It’s one thing to have done sloppy math, but an entirely different thing to not have done any math at all.


The FDLE Investigative Report goes on to describe what happened after the above discussion took place.

        “At approximately 3 p.m., Mr. Jose Quinon arrived at

        the meeting and was briefed on Ms. Seymour's findings

        and the opinions of Director Centorino and ASA Rosen.

        Mr. Quinon was informed that, while it was possible to

        work out the majority of the allegations with civil penalties,

        item number four would likely result in a criminal charge

        unless the Regalados were able to present evidence

        that would be somehow dispositive of the facts as

        presented. In light of the imminent statute of limitations

        issue that would affect several of the violations under

        Chapter 106, Mr. Quinon agreed to a waiver of the

        statute of limitation on the applicable charges to allow

        him to meet with his clients and discuss the various

        options. All parties agreed that any filing decision

        would be deferred, contingent on the waiver, to allow

        Mr. Quinon to meet with his clients.”

Sounds serious, right!

Jose Quinon, the Regalados defense attorney is informed that his clients face possible criminal charges, but in order to be fair, this group will let the Regalados argue their case as to why they shouldn’t be criminally charged, as long as the Regalados agree to sign a wavier because there were only 8 days left before the statute of limitations expired.

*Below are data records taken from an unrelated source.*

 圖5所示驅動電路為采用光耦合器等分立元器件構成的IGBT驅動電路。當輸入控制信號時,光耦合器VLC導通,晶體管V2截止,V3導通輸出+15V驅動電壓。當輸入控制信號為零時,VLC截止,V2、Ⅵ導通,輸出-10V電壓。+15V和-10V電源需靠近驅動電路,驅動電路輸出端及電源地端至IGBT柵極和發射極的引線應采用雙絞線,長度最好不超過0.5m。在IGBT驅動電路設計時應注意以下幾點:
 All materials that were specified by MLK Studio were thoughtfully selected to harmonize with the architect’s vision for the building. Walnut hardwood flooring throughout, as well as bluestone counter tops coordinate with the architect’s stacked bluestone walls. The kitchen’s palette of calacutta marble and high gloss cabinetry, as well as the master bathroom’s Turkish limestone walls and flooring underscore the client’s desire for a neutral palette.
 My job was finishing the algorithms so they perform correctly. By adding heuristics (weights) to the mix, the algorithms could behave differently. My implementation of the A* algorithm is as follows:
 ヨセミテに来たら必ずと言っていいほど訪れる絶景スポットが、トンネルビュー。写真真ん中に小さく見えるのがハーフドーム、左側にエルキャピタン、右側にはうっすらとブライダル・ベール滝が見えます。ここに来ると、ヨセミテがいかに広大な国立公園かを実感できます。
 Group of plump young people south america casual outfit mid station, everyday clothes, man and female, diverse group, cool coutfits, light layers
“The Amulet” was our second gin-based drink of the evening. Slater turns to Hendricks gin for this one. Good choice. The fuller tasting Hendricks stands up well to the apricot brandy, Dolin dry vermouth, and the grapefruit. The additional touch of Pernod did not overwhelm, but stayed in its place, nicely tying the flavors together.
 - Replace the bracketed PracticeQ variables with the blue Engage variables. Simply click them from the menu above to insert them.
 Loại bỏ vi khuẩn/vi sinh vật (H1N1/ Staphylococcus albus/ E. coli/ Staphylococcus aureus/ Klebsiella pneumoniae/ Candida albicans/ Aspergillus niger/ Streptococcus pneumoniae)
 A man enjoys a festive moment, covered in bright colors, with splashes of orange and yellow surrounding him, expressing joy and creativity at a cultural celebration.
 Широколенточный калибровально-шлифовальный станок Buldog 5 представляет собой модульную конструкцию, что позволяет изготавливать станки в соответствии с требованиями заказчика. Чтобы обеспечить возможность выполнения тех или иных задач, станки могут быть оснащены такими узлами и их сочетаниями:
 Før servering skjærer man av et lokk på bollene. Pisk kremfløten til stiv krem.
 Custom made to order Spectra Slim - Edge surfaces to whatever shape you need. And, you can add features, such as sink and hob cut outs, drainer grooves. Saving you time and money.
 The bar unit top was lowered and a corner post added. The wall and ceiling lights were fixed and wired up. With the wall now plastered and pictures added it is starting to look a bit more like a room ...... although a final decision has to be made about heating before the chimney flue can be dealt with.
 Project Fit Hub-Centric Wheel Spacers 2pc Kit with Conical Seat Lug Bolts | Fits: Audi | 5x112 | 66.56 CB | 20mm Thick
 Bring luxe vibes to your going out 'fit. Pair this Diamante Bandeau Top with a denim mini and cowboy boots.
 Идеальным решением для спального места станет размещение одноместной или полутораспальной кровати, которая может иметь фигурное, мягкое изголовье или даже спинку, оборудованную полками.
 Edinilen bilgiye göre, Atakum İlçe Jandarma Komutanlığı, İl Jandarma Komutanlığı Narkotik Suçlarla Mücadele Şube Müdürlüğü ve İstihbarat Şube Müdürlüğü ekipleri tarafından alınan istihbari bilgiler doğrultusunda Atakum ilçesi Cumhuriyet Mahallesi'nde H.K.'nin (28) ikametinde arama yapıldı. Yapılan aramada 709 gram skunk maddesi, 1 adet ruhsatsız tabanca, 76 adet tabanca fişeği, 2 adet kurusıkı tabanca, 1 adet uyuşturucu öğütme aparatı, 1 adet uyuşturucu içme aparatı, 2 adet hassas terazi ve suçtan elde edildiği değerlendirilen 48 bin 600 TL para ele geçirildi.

At that point, given the time constraints, a deadline on agreeing to the waiver should have been imposed.  But no such time limit was imposed by Howard Rosen or Joe Centorino.

Instead of demanding that waivers be signed and delivered within 48 or 72 hours, and that the Regalados come in and give their side of the story BEFORE the statute of limitations ran out, which is the way the State Attorney’s Office would have behaved if they had even an iota of interest in charging the Regalados with a criminal count for this violation, NO TIME LIMIT WAS SET, and Jose Quinon, being the smart lawyer that he is, took complete advantage of that failure to wait until after 5:00 PM, on November 2, 2011, to send Joe Centorino an email telling him that the originals of the signed waivers were in his office.

Notice that Jose Quinon cites “non-criminal violations” in the subject line of his email. He did that because the statute of limitations for the Regalados being charged with criminal violations effectively expired at 5:00 PM that afternoon.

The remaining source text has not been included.